SUPPLIED DATA =>
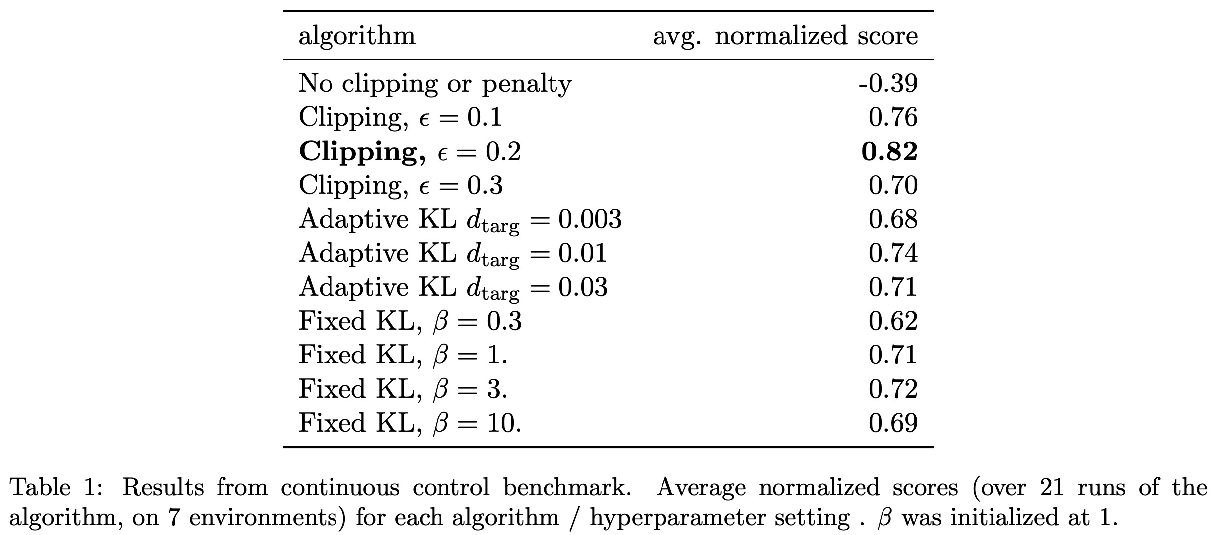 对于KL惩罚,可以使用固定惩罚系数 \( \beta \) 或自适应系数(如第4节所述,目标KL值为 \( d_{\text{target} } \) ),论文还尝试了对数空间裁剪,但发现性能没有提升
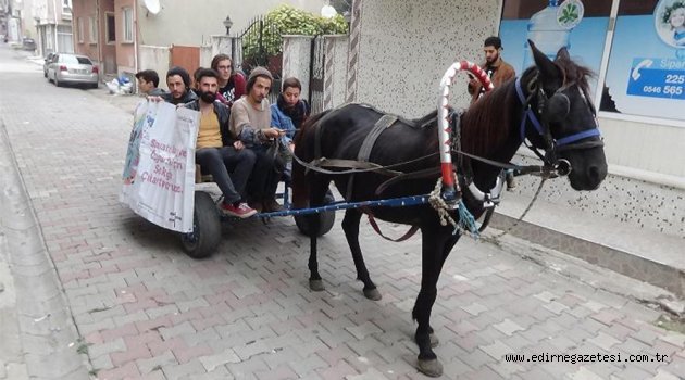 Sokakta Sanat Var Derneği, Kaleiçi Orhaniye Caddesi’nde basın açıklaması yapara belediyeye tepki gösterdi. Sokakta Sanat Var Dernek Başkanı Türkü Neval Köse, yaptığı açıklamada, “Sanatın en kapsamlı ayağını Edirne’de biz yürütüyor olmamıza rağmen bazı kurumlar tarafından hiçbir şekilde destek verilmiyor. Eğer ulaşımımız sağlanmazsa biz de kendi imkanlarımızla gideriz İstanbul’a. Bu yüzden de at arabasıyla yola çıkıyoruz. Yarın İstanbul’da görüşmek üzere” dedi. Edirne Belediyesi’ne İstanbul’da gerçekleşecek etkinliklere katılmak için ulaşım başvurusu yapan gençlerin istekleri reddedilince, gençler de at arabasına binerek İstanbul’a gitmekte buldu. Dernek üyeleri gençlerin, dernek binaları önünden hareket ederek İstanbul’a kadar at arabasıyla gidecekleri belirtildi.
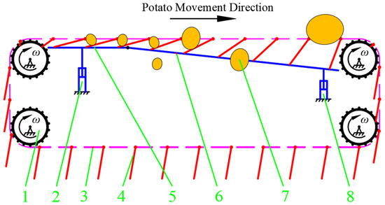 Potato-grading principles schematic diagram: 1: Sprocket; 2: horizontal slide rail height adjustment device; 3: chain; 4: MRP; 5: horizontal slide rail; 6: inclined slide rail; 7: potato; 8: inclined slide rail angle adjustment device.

EXERCISE BRIEF =>
In the copy, keep every line of the data above exactly and drop each picture.

REPLY =>
 对于KL惩罚,可以使用固定惩罚系数 \( \beta \) 或自适应系数(如第4节所述,目标KL值为 \( d_{\text{target} } \) ),论文还尝试了对数空间裁剪,但发现性能没有提升
 Sokakta Sanat Var Derneği, Kaleiçi Orhaniye Caddesi’nde basın açıklaması yapara belediyeye tepki gösterdi. Sokakta Sanat Var Dernek Başkanı Türkü Neval Köse, yaptığı açıklamada, “Sanatın en kapsamlı ayağını Edirne’de biz yürütüyor olmamıza rağmen bazı kurumlar tarafından hiçbir şekilde destek verilmiyor. Eğer ulaşımımız sağlanmazsa biz de kendi imkanlarımızla gideriz İstanbul’a. Bu yüzden de at arabasıyla yola çıkıyoruz. Yarın İstanbul’da görüşmek üzere” dedi. Edirne Belediyesi’ne İstanbul’da gerçekleşecek etkinliklere katılmak için ulaşım başvurusu yapan gençlerin istekleri reddedilince, gençler de at arabasına binerek İstanbul’a gitmekte buldu. Dernek üyeleri gençlerin, dernek binaları önünden hareket ederek İstanbul’a kadar at arabasıyla gidecekleri belirtildi.
 Potato-grading principles schematic diagram: 1: Sprocket; 2: horizontal slide rail height adjustment device; 3: chain; 4: MRP; 5: horizontal slide rail; 6: inclined slide rail; 7: potato; 8: inclined slide rail angle adjustment device.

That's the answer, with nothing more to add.